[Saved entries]
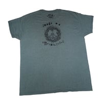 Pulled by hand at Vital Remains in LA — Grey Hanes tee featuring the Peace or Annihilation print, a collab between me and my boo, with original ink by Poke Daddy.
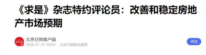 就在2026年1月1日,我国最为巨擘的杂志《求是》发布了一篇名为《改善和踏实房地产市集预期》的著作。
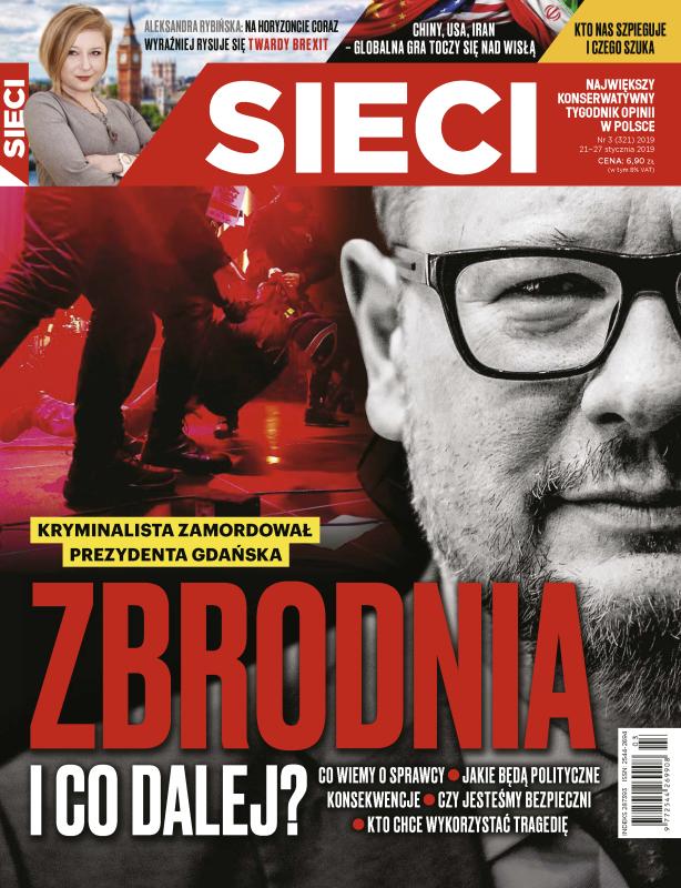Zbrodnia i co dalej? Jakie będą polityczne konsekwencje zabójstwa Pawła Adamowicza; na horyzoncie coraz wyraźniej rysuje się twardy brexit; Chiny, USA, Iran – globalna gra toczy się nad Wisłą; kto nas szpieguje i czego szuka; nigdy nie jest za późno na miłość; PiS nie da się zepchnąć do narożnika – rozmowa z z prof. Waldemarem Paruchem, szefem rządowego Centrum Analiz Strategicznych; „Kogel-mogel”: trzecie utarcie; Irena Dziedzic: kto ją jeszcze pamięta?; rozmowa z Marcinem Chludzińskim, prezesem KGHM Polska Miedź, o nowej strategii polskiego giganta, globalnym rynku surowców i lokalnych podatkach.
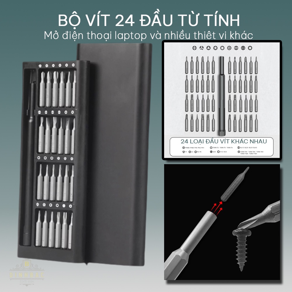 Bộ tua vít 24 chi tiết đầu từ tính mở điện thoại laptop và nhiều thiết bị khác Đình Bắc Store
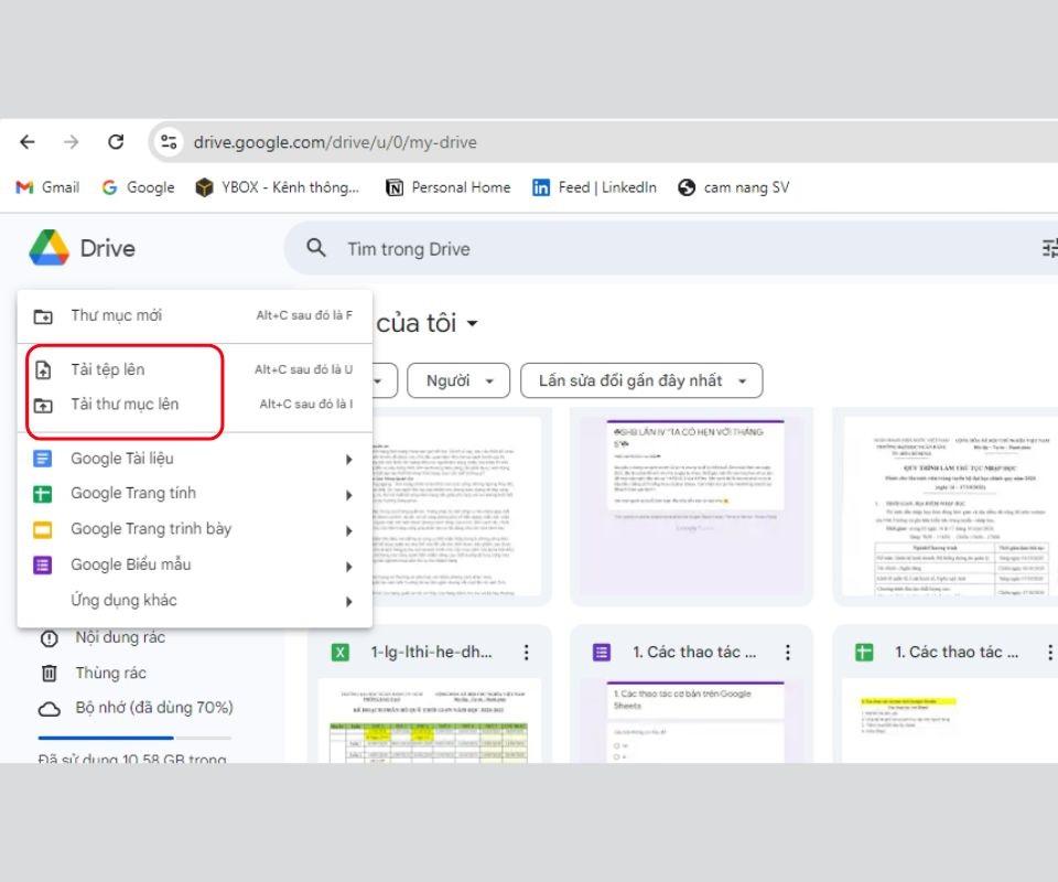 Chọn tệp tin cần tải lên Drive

**REQUIRED WORK**
Starting with the first line of the records above and stopping after the line containing "Zbrodnia i co", repeat every line exactly and leave out the pictures.

**WORKED SOLUTION**
 Pulled by hand at Vital Remains in LA — Grey Hanes tee featuring the Peace or Annihilation print, a collab between me and my boo, with original ink by Poke Daddy.
 就在2026年1月1日,我国最为巨擘的杂志《求是》发布了一篇名为《改善和踏实房地产市集预期》的著作。
Zbrodnia i co dalej? Jakie będą polityczne konsekwencje zabójstwa Pawła Adamowicza; na horyzoncie coraz wyraźniej rysuje się twardy brexit; Chiny, USA, Iran – globalna gra toczy się nad Wisłą; kto nas szpieguje i czego szuka; nigdy nie jest za późno na miłość; PiS nie da się zepchnąć do narożnika – rozmowa z z prof. Waldemarem Paruchem, szefem rządowego Centrum Analiz Strategicznych; „Kogel-mogel”: trzecie utarcie; Irena Dziedzic: kto ją jeszcze pamięta?; rozmowa z Marcinem Chludzińskim, prezesem KGHM Polska Miedź, o nowej strategii polskiego giganta, globalnym rynku surowców i lokalnych podatkach.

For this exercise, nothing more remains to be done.